Do not open port 1880 in your firewall settings. As @bakman2 mentioned, this is indeed not needed.
If both, your remote device and your node-red server have joined your private (!) zerotier network, you should be fine to reach out to node-red via http://zerotrier-network-ip-of-node-red:1880.
Please check in your zerotier account and your zerotier network that
a) both devices are connected
b) both devices are allowed to join
c) both devices are online
you can check this in the status section of the corresponding network.
EDIT: This will only work, if you access node-red via its zerotier IP. If you choose hostname, it most likely is referring to the wrong IP or cannot find the ip at all (as long as it is not a public IP)
I suspect this (company network) could still be the problem? Although not likely.

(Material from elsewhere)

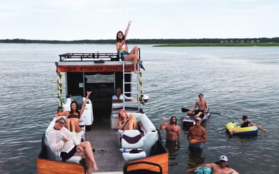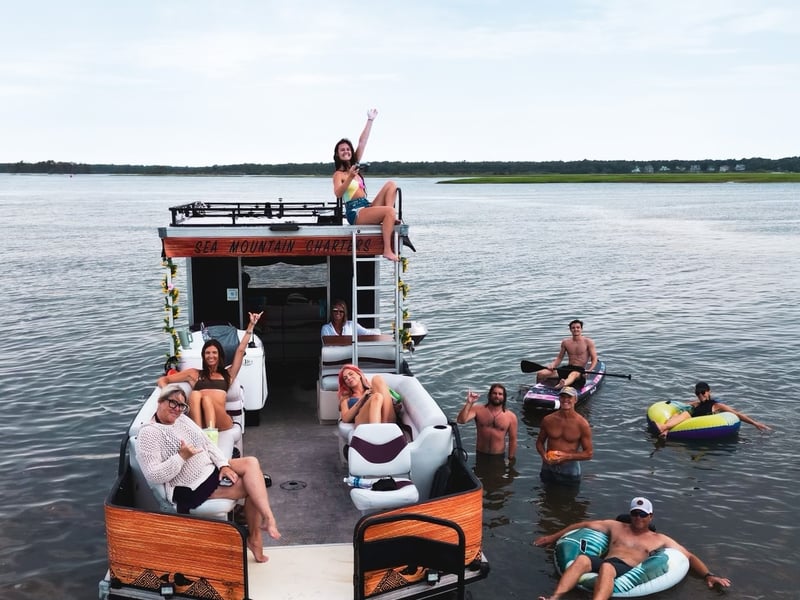 Relax aboard a double-decker Party Hut as you cruise to Bird Island and Barefoot Landing

I experienced something similar strange with my laptop working onsite at my client's office network. Company firewalls might indeed block traffic, although this is only a rare condition (see zerotier help).
In order to check this I'd try to connect one of the PCs (which I assume are remote) via your phone (thethering, I assume your phone works). If you could access your node-red server then indeed the company firewall seems to block something needed from zerotier.
Other than this. I run out of ideas since you can ping in both directions. Last call would be to de-install/install zerotier on those remote PCs and hope for the best
Everything works absolutely fine if I tether all devices to the same network (internet) and use its corresponding IPs, in which case I don't need zerotier.
The issue begins if the network is different and I use zerotier server and IPs.
The only remaining idea that comes to my mind is the fact that you are using company PCs. They very often carry limitations to secure the company's network integrity. Hence there might be policies under the hood that do not allow this.